Riverview Retirement Community, a Christian nonprofit that provides health care, housing and services for elderly people, has been issued permits for foundation work and site development for its a planned $5.5 million memory care facility, according to city permit data.

The $600,000 in work at the 58-year-old retirement facility, 1801 E. Upriver Drive, is the first step toward a 20,000-square-foot, one-story facility that will serve about 20 people with memory care needs such as dementia or Alzheimer’s. Each occupant will have their own room, and additional rooms will be available for spouses and partners, according to a predevelopment application filed with the city.

The facility will have a village-type design, and rooms will be centered around a large living area to make residents feel more comfortable.

The memory care building will be just north of the facility’s central Riverview Terrace facility, which has more than 200 residential units. Maintenance and storage garages were demolished to make way for the new building.

The retirement facility, which provides assisted and independent living on its 32-acre campus, opened in 1959 with Riverview Terrace and has expanded over the years to include Riverview Care Center and Riverview Village, which has 165 homes for independent living.

In 2013, the facility built a fitness and aquatics center and woodworking shop.

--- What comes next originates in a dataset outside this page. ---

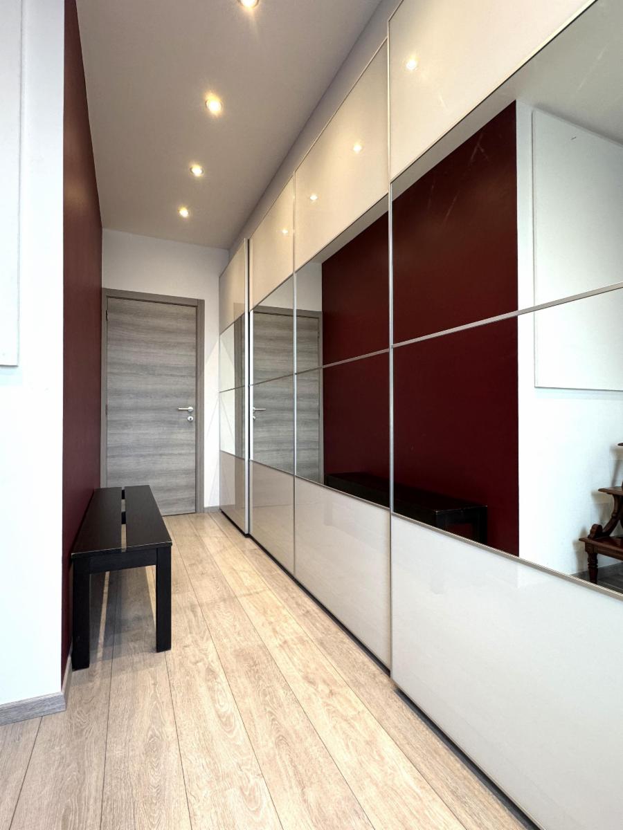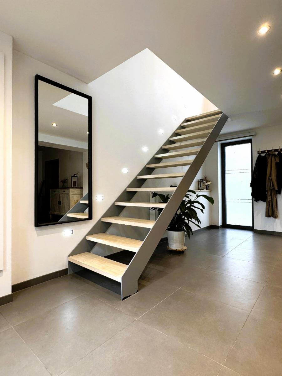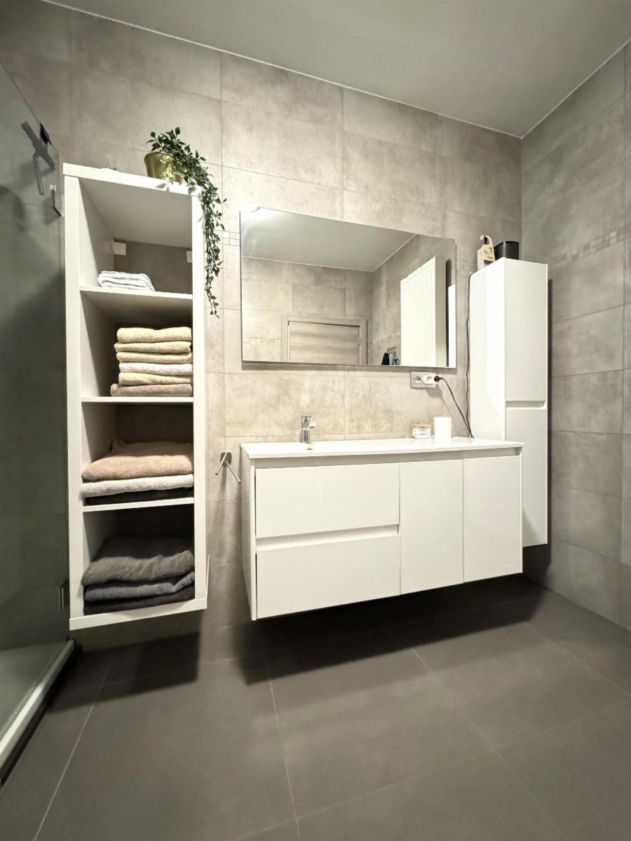 Ruime en lichtrijke living met eet-en zithoek, geïnstalleerde keuken met eiland (koelkast, inductie-kookplaat, oven, microgolf en vaatwas), logeerkamer en ingerichte badkamer (inloopdouche en lavabo).
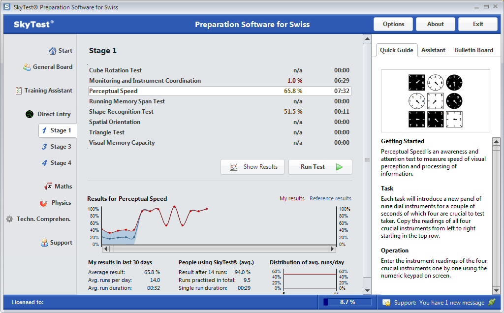 SkyTest® Preparation Software for Swiss 3 accommodates several features to support training experience and outcome. The software is bilingual (English and German) – you may switch between the languages any time.

The new memory care facility is expected to open in September. The official groundbreaking for the facility was last month, and the same shovel used for the facility’s first groundbreaking in 1958 was used.

The project’s general contractor is Bouten Construction Co., of Spokane. The facility was designed by Spokane-based NAC Architecture, which also designed the village cottages and the fitness and aquatics center. The structural engineering was done by Coffman Engineers, also of Spokane.